A date has yet to be set for the HELP Committee to mark up the legislation. The Senate will not return from a two-week break until April 16.

Breakthrough Drugs Need a Break

Legislation requiring the FDA to mentor sponsors developing breakthrough therapies was introduced in the Senate last week.

S. 2236 would add a new category, similar to fast-track designation, that would speed the development of drugs to treat serious or life-threatening diseases and conditions. To get the breakthrough product designation, a drug would need preliminary clinical evidence indicating that it may offer substantial improvement over existing therapies.

Jeff Allen, executive director of Friends of Cancer Research, suggested the idea last month in a House subcommittee hearing. Under the proposed designation, a sponsor would work closely with the FDA to develop trial designs to abbreviate or combine the traditional phases of drug development. (See BioWorld Today, March 9, 2012.)

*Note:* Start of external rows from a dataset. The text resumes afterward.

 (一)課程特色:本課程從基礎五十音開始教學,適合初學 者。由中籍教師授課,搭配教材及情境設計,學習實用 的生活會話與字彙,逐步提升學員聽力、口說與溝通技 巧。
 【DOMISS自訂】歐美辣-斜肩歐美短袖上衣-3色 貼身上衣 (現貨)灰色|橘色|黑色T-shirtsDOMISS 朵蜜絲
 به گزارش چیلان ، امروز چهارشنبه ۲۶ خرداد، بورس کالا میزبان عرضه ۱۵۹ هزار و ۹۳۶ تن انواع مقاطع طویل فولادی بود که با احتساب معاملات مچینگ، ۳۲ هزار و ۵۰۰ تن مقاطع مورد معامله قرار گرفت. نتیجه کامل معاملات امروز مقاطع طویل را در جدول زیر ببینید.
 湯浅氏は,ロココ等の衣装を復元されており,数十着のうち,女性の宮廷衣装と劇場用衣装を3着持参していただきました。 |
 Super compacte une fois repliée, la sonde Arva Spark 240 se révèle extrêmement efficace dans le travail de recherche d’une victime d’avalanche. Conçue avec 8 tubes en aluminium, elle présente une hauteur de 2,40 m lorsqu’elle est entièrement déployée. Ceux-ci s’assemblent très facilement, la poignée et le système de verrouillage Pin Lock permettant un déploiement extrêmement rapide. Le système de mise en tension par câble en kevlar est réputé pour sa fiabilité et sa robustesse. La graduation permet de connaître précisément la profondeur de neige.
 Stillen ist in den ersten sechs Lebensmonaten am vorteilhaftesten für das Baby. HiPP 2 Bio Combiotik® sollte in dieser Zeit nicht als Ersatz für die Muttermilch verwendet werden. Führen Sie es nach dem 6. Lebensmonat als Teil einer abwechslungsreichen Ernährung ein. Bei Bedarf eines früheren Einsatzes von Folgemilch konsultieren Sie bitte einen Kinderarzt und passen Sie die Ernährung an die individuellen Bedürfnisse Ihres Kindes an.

"This would shorten the pathway to approval and avoid giving larger numbers of patients a potentially harmful or ineffective drug as part of a control arm, while maintaining current safety and efficacy standards," Allen testified.

The bill also would require the FDA to engage in interactive communication and hold timely meetings with the sponsor throughout the development of a breakthrough product. The agency would have to assign a cross-disciplinary project lead to facilitate efficient review of the product, as well as involve senior management and experienced review staff in the collaborative, cross-disciplinary review.

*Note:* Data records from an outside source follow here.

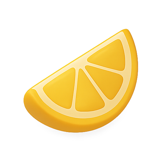 A vibrant and playful illustration of a lemon slice, featuring bright yellow tones and a smooth design, perfect for food-related themes or summer promotions.
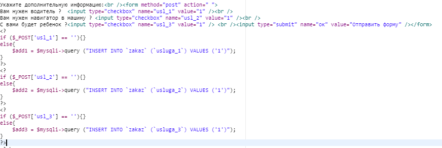 Вам нужен водитель ? <input type="checkbox" name="usl_1" value="1" /><br />
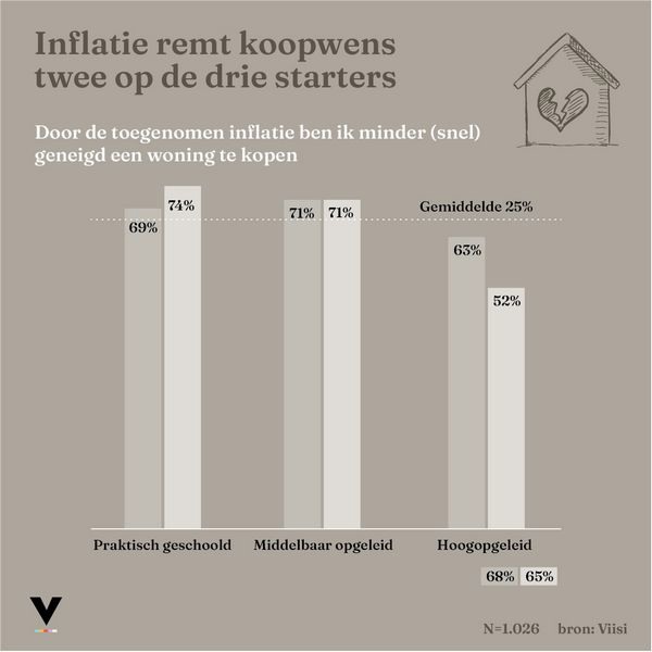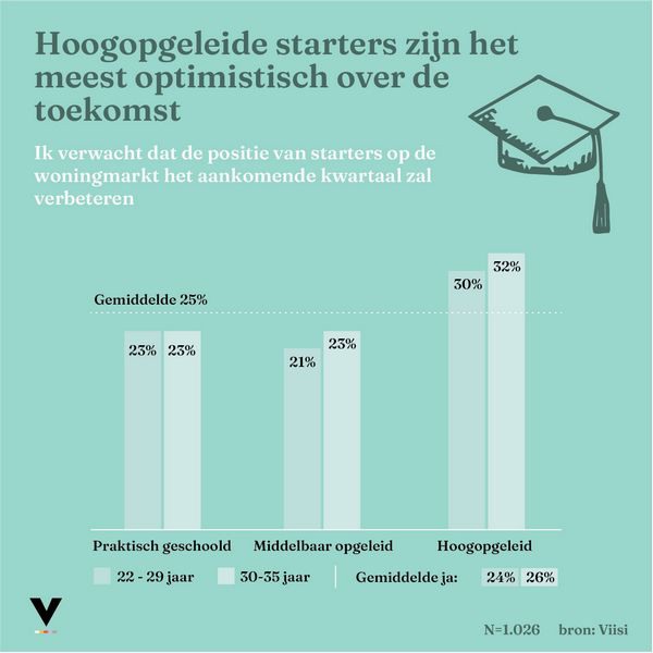 Vooral hoogopgeleiden zijn optimistisch, zo verwacht 22 procent van hen binnen een jaar een huis te kopen (Q2 2022: vijftien procent). Een derde zegt daarnaast in de afgelopen drie maanden positiever te zijn geworden over hun toekomstige kansen op de woningmarkt. “Dit is een duidelijke trendbreuk met de laatste vier kwartalen, waarin het vertrouwen onder koopstarters steeds verder afbrokkelde”, zegt Hergen Dutrieux, medeoprichter van Viisi Hypotheken. “Het lijkt erop dat starters ten opzichte van andere woningzoekers momenteel meer in de melk te brokkelen hebben. Maar vergis je niet; ondanks het groeiend optimisme is het voor starters nog altijd moeilijk manoeuvreren op de Nederlandse woningmarkt.”

Bill Makes BPCA, PREA Permanent

The Best Pharmaceuticals for Children Act (BPCA) and the Pediatric Research Equity Act (PREA) would become permanent under a bill introduced last week in the House.

Instead of simply reauthorizing the programs that have made more drugs available for pediatric use, H.R. 4274 would "encourage continued investment in pediatric research," said Jim Greenwood, president and CEO of the Biotechnology Industry Organization. (See BioWorld Today, Feb. 3, 2012.)

The bipartisan bill also would improve the timing and quality of pediatric research and ensure that required pediatric studies are completed by their due date.